▸ DATA:
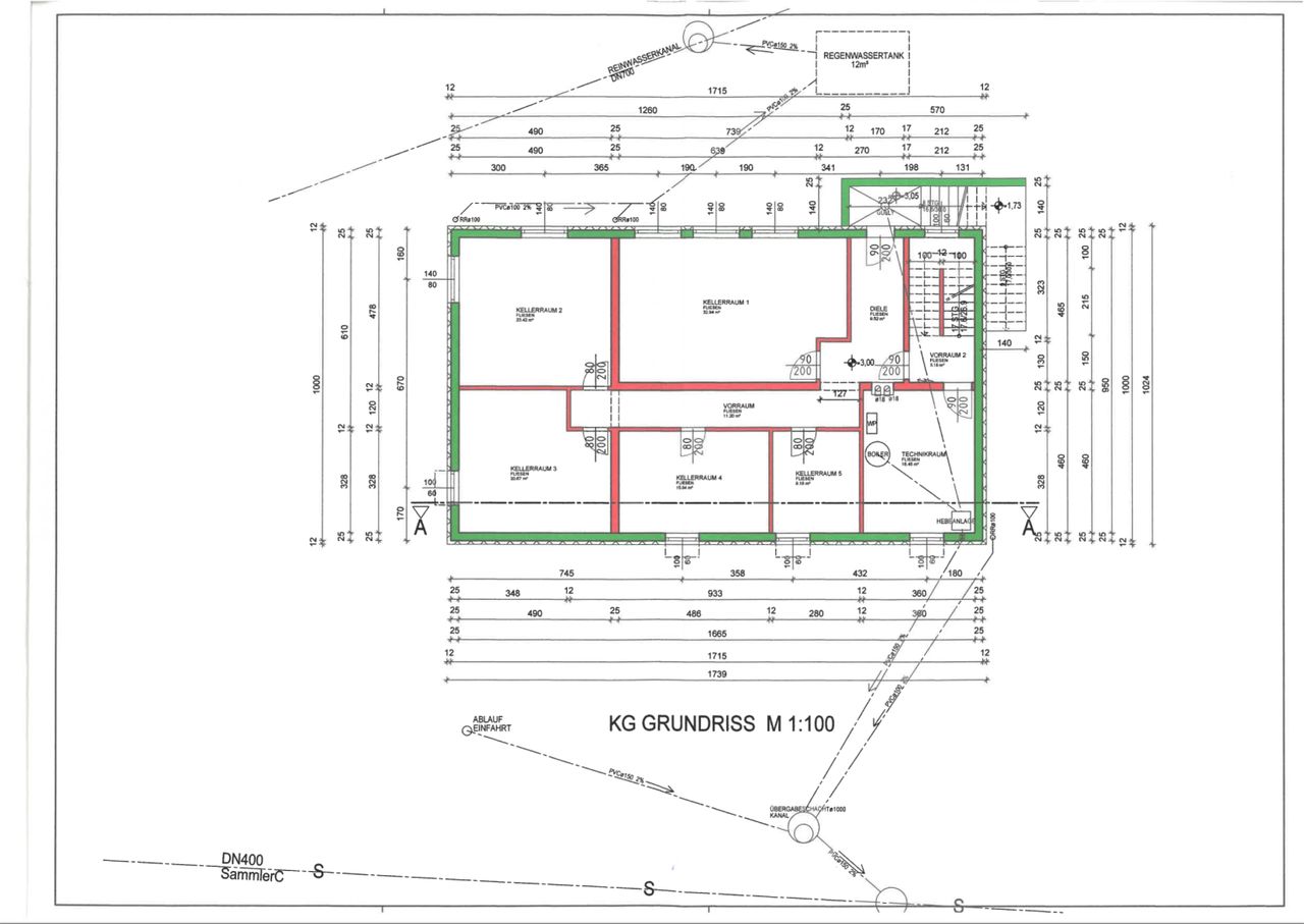 Kellergeschoss (ca. 122 m² – Rohbau)
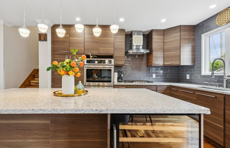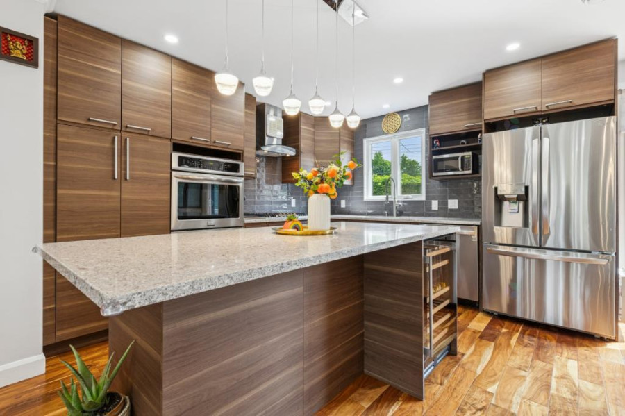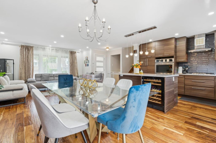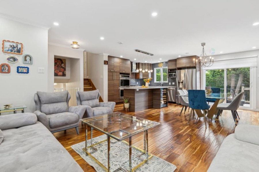 主层动线明晰,客厅—餐厅—厨房相互连通,采光通透。厨房全面翻新,配花岗岩台面、中央岛台与优质电器组合(含燃气灶、嵌入式双烤箱、微波炉与冰箱),烹饪与收纳功能兼备;硬木地面温暖耐用,待客与日常起居体验俱佳。
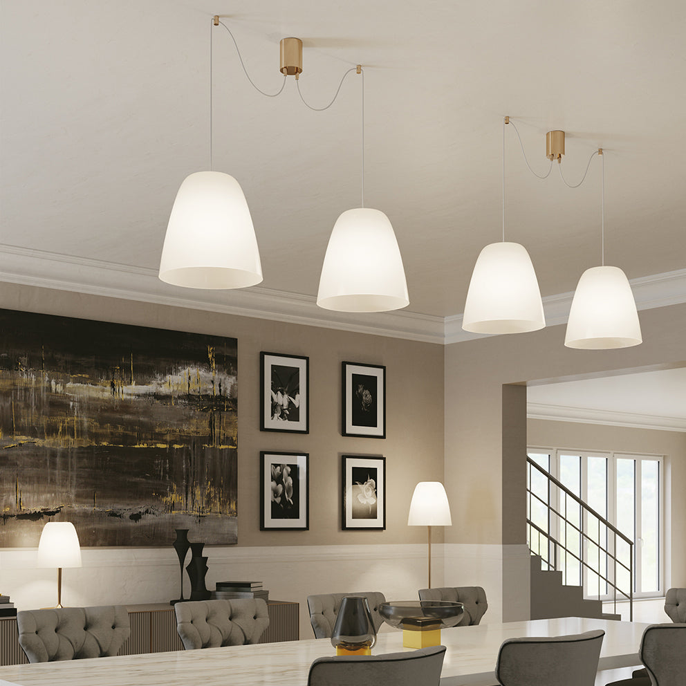 Přeneste do svého interiéru nádech jemné elegance a rafinovaného luxusu se závěsným svítidlem ARES od italské značky FAN Europe. Spojení čistoty bílého foukaného skla a saténově zlatého rámu vytváří harmonický kontrast, který působí moderně i nadčasově. Dva skleněné difuzory poskytují příjemné a rovnoměrné osvětlení, které promění každý prostor v útulné a stylové místo.
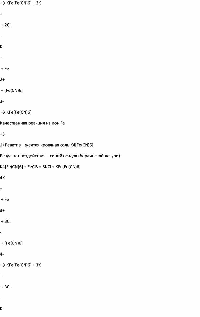 1) Реактив – желтая кровяная соль K4[Fe(CN)6]
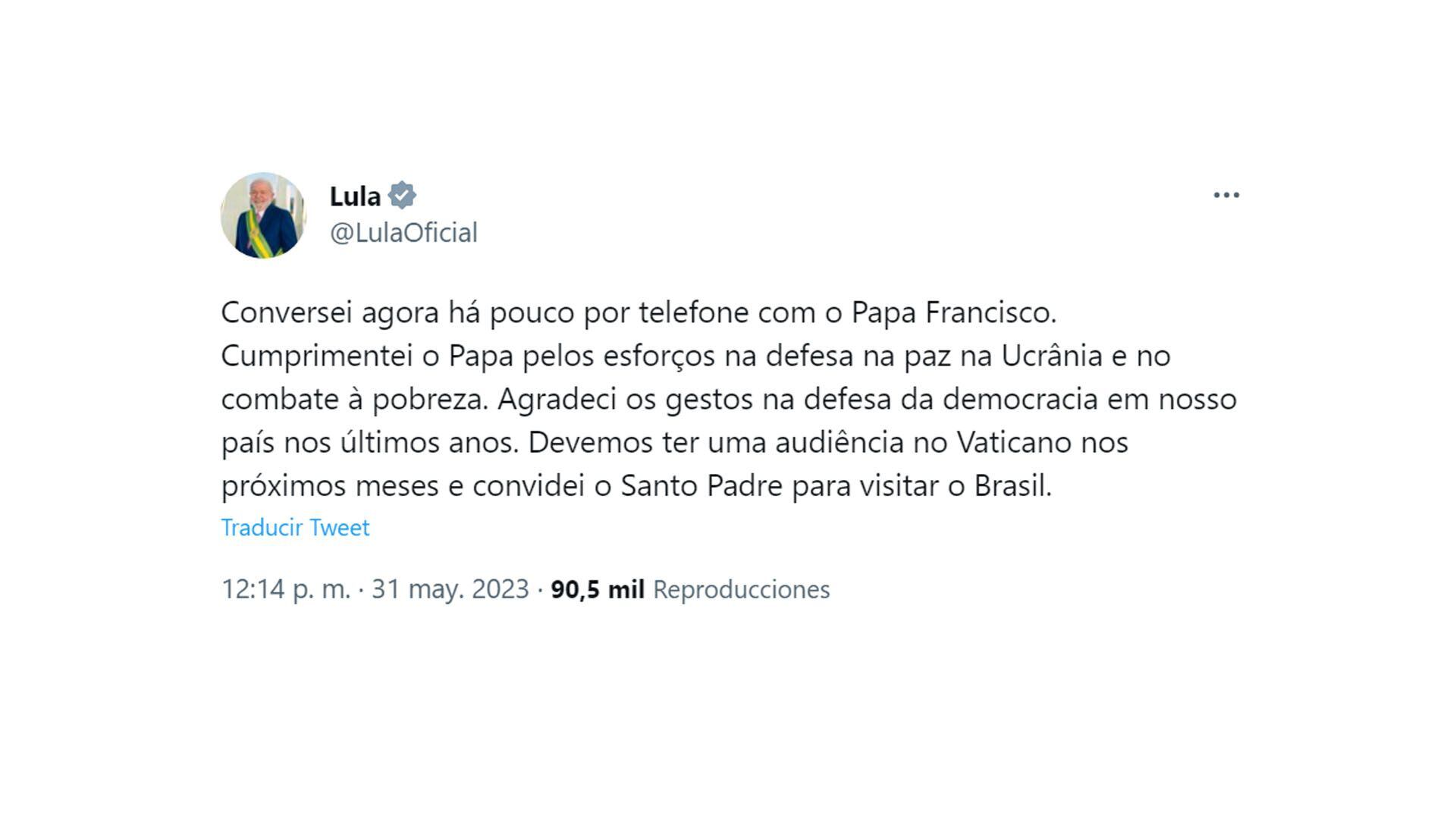 “Acabo de hablar por teléfono con el papa Francisco. Felicité al Papa por sus esfuerzos en la defensa de la paz en Ucrania y la lucha contra la pobreza”, expresó Lula en su cuenta de Twitter.
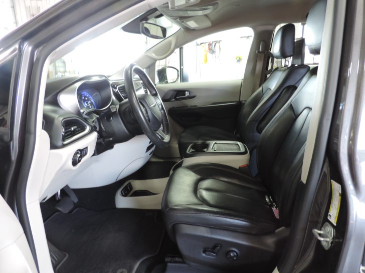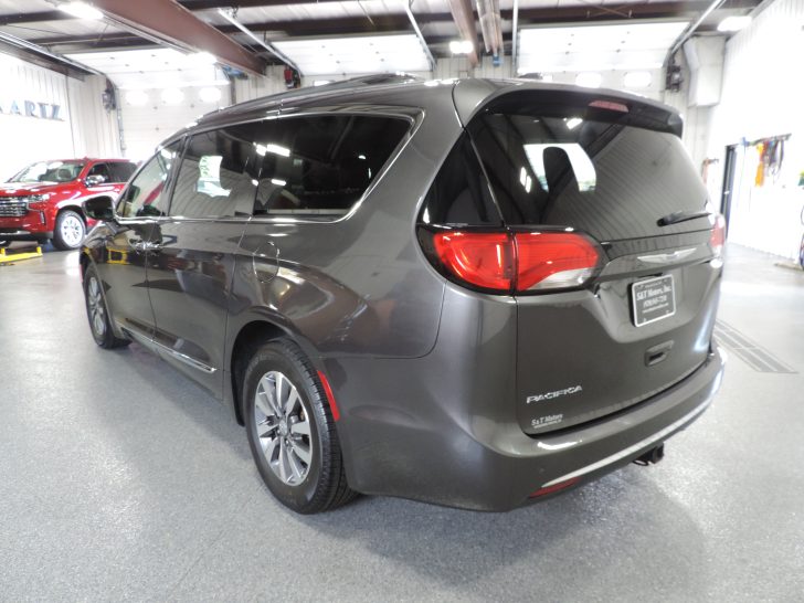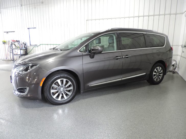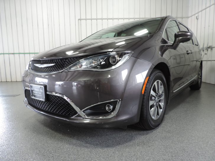Just traded here..one-owner 2020 Chrysler Pacifica Touring L Plus. Locally owned & serviced. Very nice condition inside & out. Complete with a sweet vehicle history report. Non-smoker. Very nicely optioned w\ Touring Plus trim w\ dual power heated front seats w\ drivers side memory, leather wrapped HEATEDÂ steering wheel, heated second row seats, 2nd& 3rd row window shades, driver & passenger auto climate, dual power sliding doors, power tailgate, premium sound w\ factory NAVIGATION, U-Connect w\ Apple CarPlay & Android Auto, factory ENTERTAINMENTÂ w\ dual DVD screens & wireless headphones ( still in the wrapper-never used ) middle row & third row full stow-n-go, universal garage door opener, blind spot & rear cross traffic detection, rear park assist, proximity remote access w\ push button start & remote start, 17″ alloy wheels with like new Yokohama tires, factory trailer tow, HD radiator & much more!
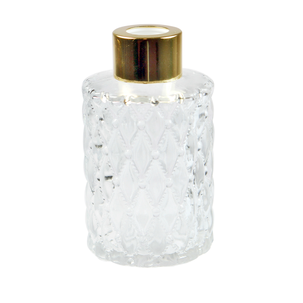 O vidro acompanha a tampa furada plástica com revestimento metalizado, indicado para envase de aromatizadores de ambiente de vareta.
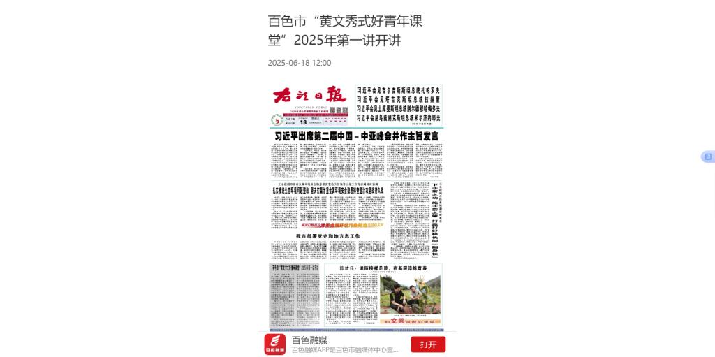 6月18日,右江日报以《百色市“黄文秀式好青年课堂”2025年第一讲开讲》为题,报道了由共青团百色市委员会、YABO鸭脖官网联合举办的百色市“黄文秀式好青年课堂”2025年第一讲暨YABO鸭脖官网纪念黄文秀同志牺牲6周年座谈会在鸭脖顺利召开。
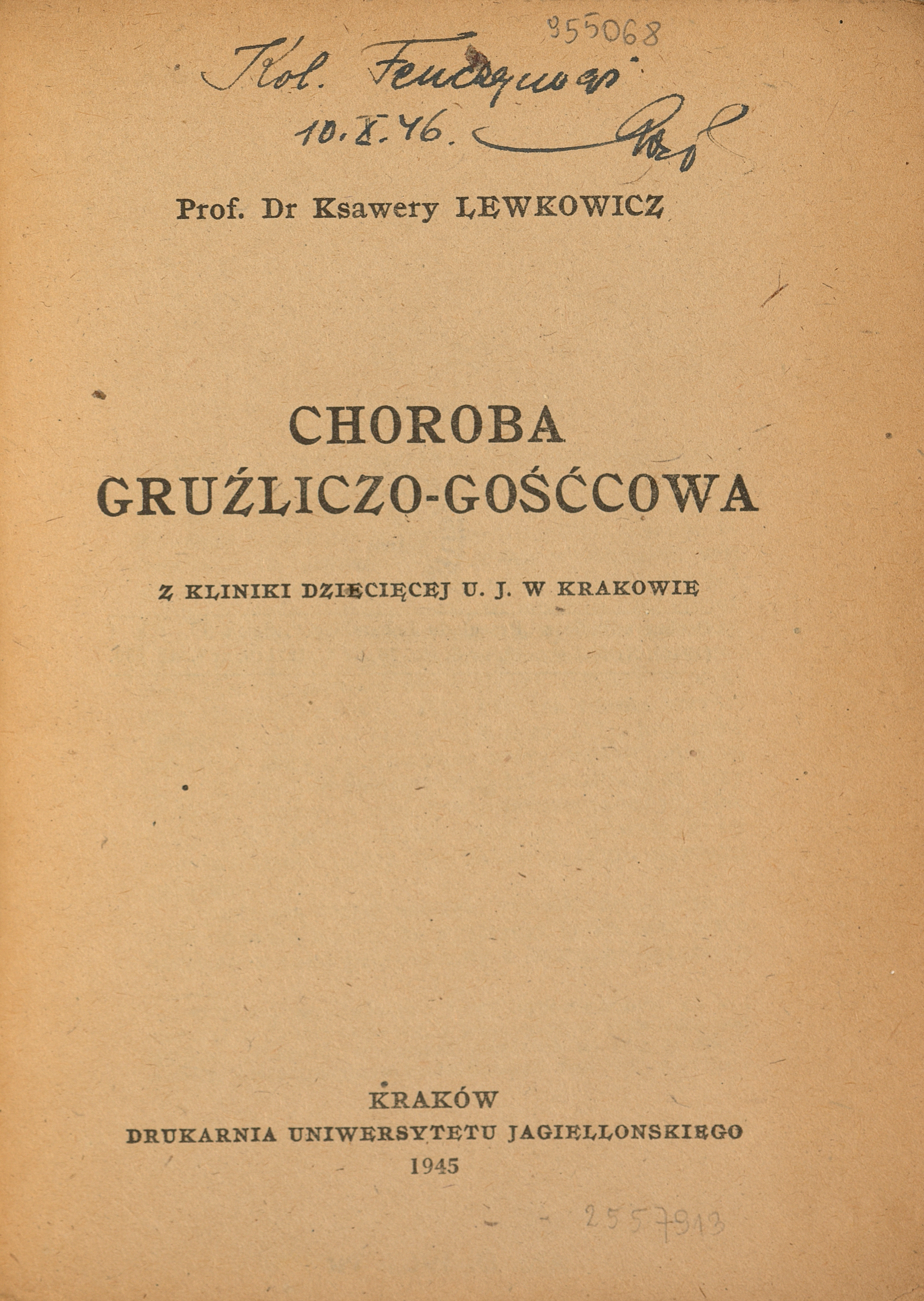 Choroba gruźliczo-gośćcowa / Ksawery Lewkowicz. - Kraków, 1945
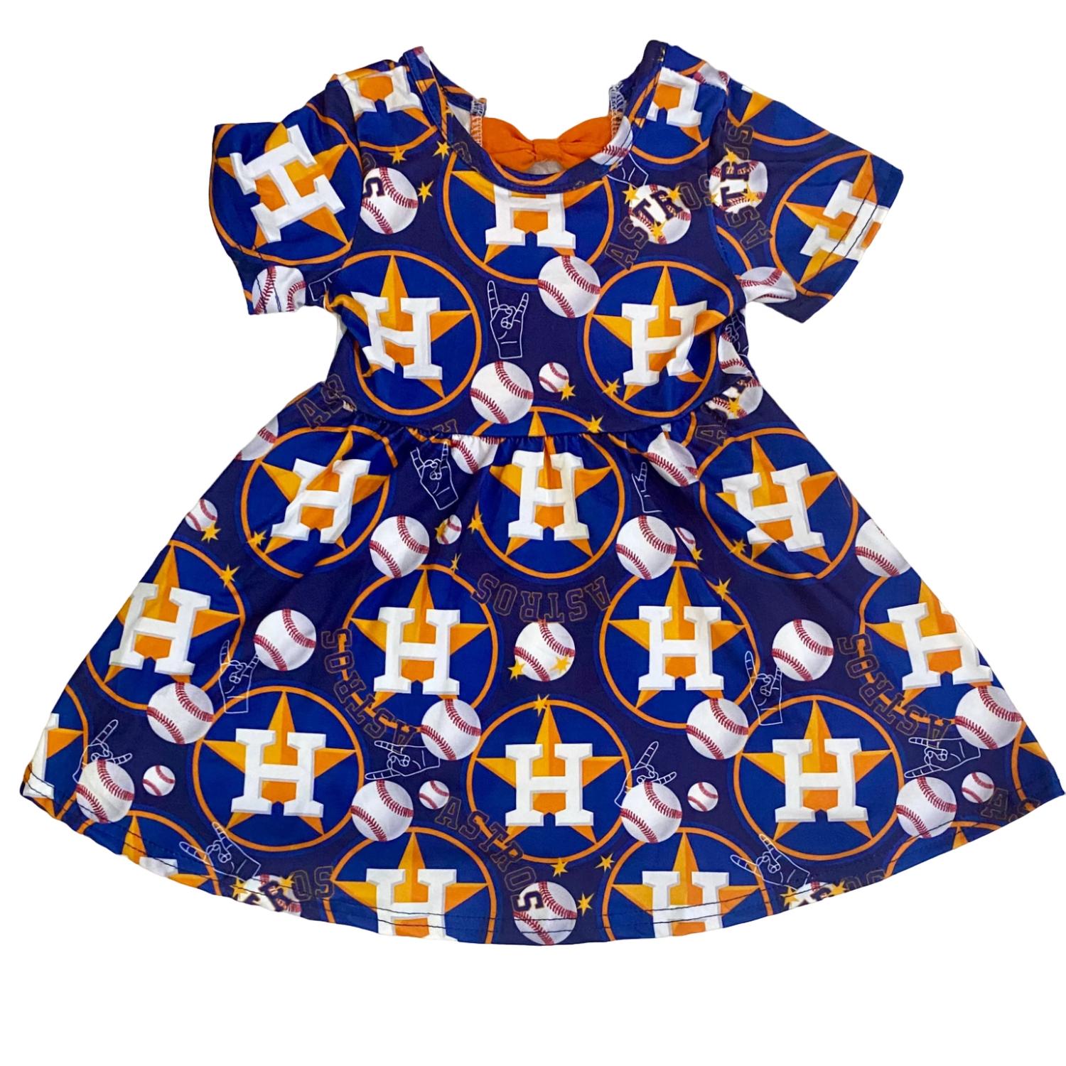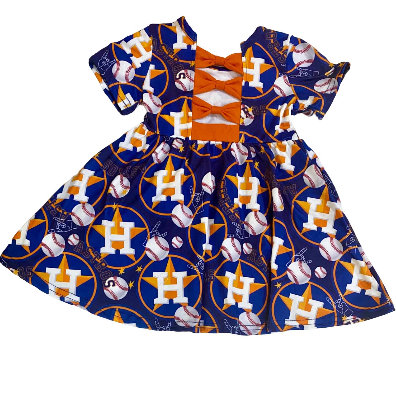 This dress is made from a soft, stretchy blend of 95% cotton and 5% spandex, featuring a charming deep navy pattern and a unique cutout bow on the back for a versatile and stylish look.

▸ WORK INSTRUCTIONS: Copy the lines of the records, beginning where the line containing "Choroba gruźliczo-gośćcowa /" appears and continuing through the final line, exactly and with no pictures.

▸ YOUR RESPONSE:
 Choroba gruźliczo-gośćcowa / Ksawery Lewkowicz. - Kraków, 1945
 This dress is made from a soft, stretchy blend of 95% cotton and 5% spandex, featuring a charming deep navy pattern and a unique cutout bow on the back for a versatile and stylish look.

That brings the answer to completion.